Reference-state System Reliability method for scalable uncertainty quantification of coherent systems

arXiv cs.LG / 4/21/2026

📰 NewsDeveloper Stack & InfrastructureModels & Research

Key Points

  • The paper introduces the Reference-state System Reliability (RSR) method to enable scalable uncertainty quantification for coherent systems such as infrastructure networks and supply chains.
  • Unlike decomposition-based techniques that become inefficient as components grow, RSR uses reference states to classify Monte Carlo samples, making computational cost far less sensitive to the number of reference states.
  • RSR improves runtime by storing samples and reference states as matrices and using batched matrix operations, leveraging high-throughput matrix computing advances from modern machine learning.
  • The authors report evaluating a graph with 119 nodes and 295 edges in under 10 seconds and demonstrate scaling to hundreds of thousands of reference states, plus support for multi-state systems.
  • The method’s convergence slows when the number of boundary reference states becomes extremely large, motivating future research into learning-based representations of system-state boundaries.

Abstract

Coherent systems are representative of many practical applications, ranging from infrastructure networks to supply chains.

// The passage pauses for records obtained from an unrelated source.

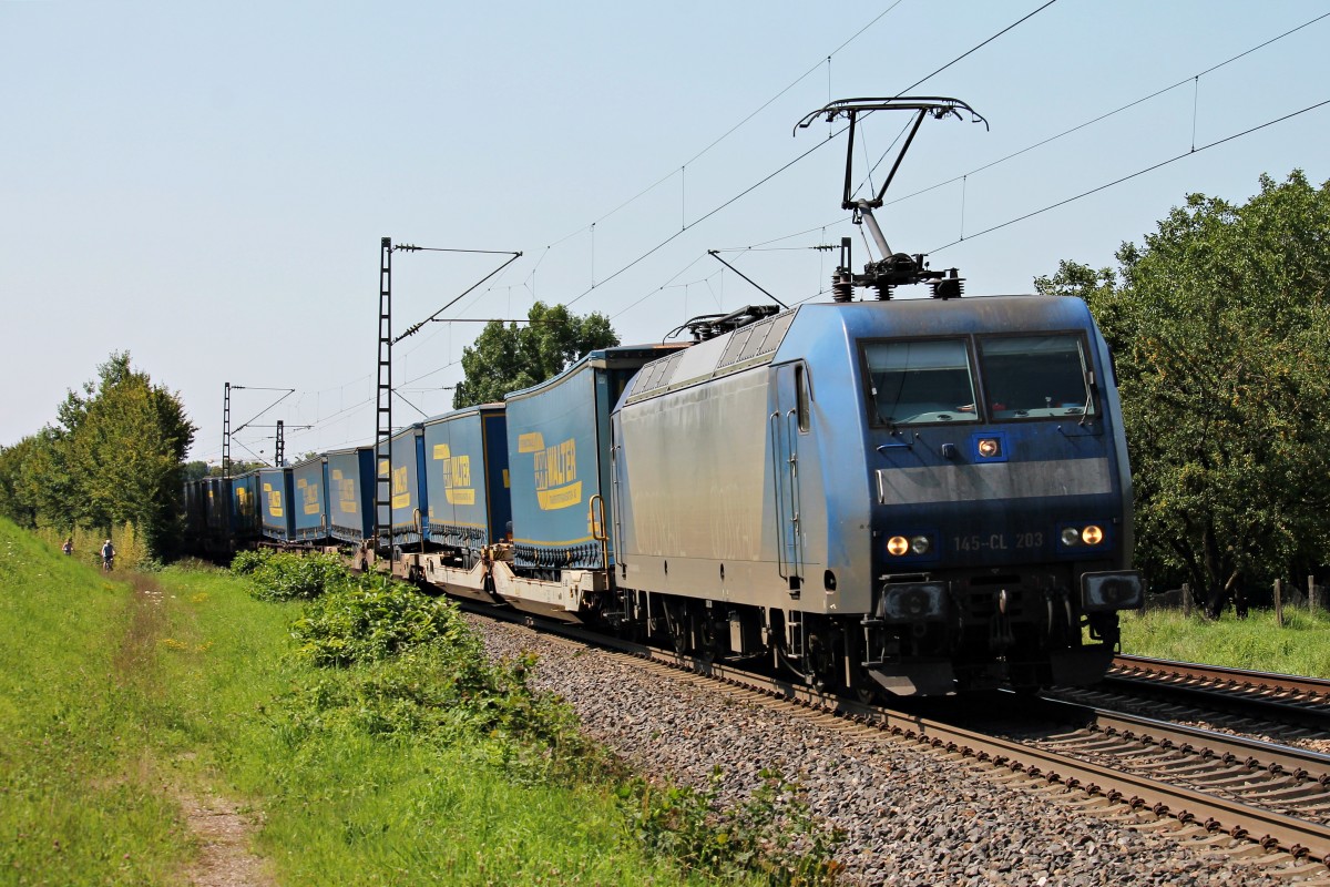 Am 01.08.2014 fuhr Crossrail 145-CL 203 mit einem LKW Walter KLV bei Kollmarsreute gen Schweiz.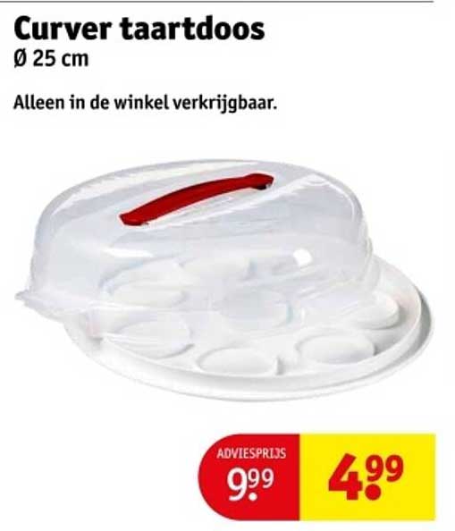 De Curver taartdoos is tijdelijk verkrijgbaar voor slechts €4,99, terwijl de adviesprijs €9,99 bedraagt. Dit betekent dat je maar liefst 50% bespaart! Dit is het ideale moment om deze handige taartdoos aan te schaffen. Met de extra besparing kun je nog een heerlijk bakrecept uitproberen of de ingrediënten voor je volgende meesterwerk kopen.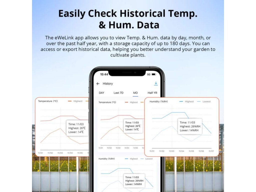 Mobilný a lokálny monitoring: meranie v reálnom čase, synchronizácia s mobilnou aplikáciou, alebo zobrazenie na LCD displeji; môžete zobraziť historické údaje po hodínach alebo dňoch a exportovať dáta.
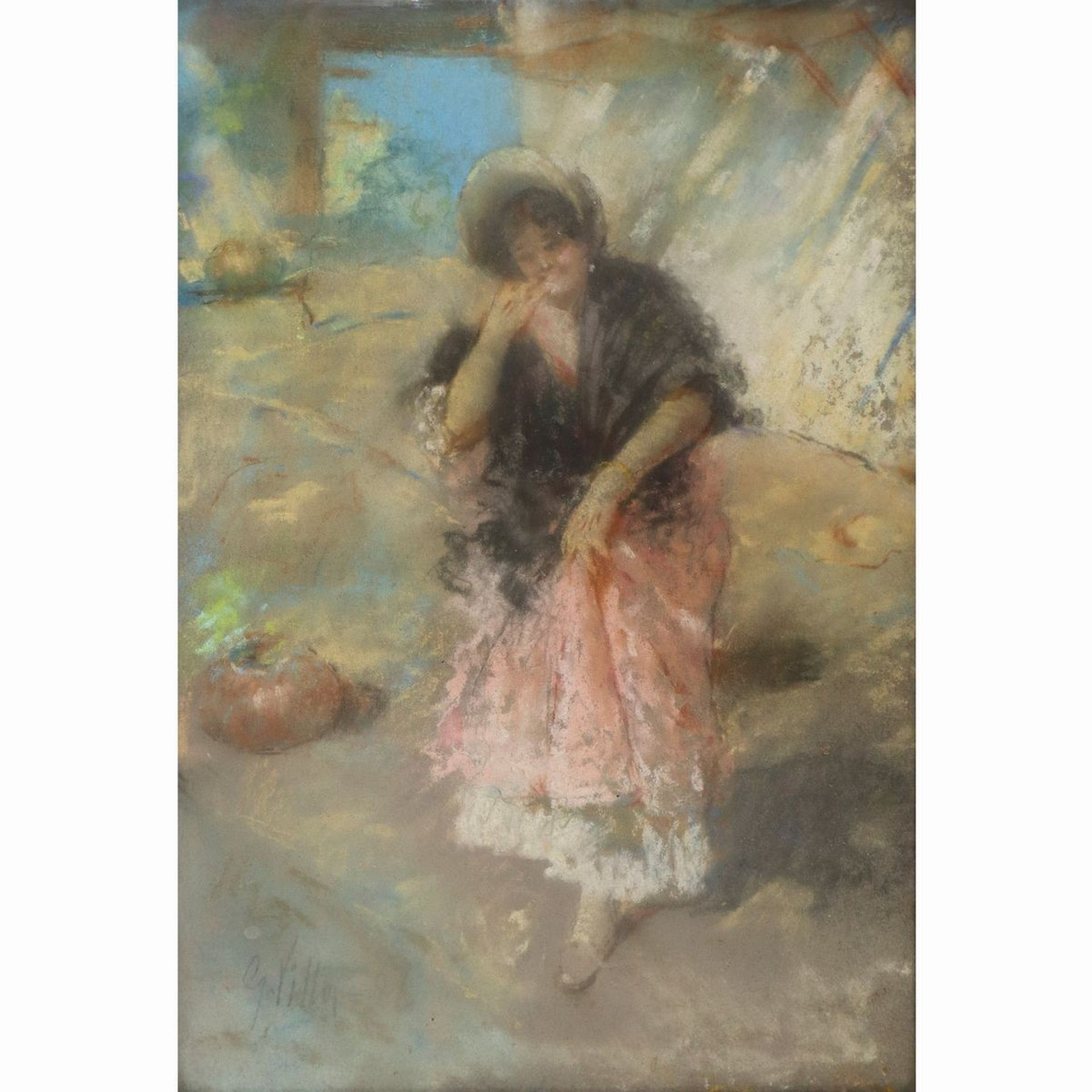 Goffredo Villa (1922 - 1944) - Figura di donna Cm 39 x 26, in cornice 47 x 34 cm Pastello su cartone Firmato in basso a sinistra G.Villa

Probabilistic evaluation of such systems remains challenging, however, because existing decomposition-based methods scale poorly as the number of components grows. To address this limitation, this study proposes the Reference-state System Reliability (RSR) method. Like existing approaches, RSR characterises the boundary between different system states using reference states in the component-state space. Where it departs from these methods is in how the state space is explored: rather than using reference states to decompose the space into disjoint hypercubes, RSR uses them to classify Monte Carlo samples, making computational cost significantly less sensitive to the number of reference states. To make this classification efficient, samples and reference states are stored as matrices and compared using batched matrix operations, allowing RSR to exploit the advances in high-throughput matrix computing driven by modern machine learning. We demonstrate that RSR evaluates the system-state probability of a graph with 119 nodes and 295 edges within 10~seconds, highlighting its potential for real-time risk assessment of large-scale systems. We further show that RSR scales to problems involving hundreds of thousands of reference states -- well beyond the reach of existing methods -- and extends naturally to multi-state systems. Nevertheless, when the number of boundary reference states grows exceedingly large, RSR's convergence slows down, a limitation shared with existing reference-state-based approaches that motivates future research into learning-based representations of system-state boundaries.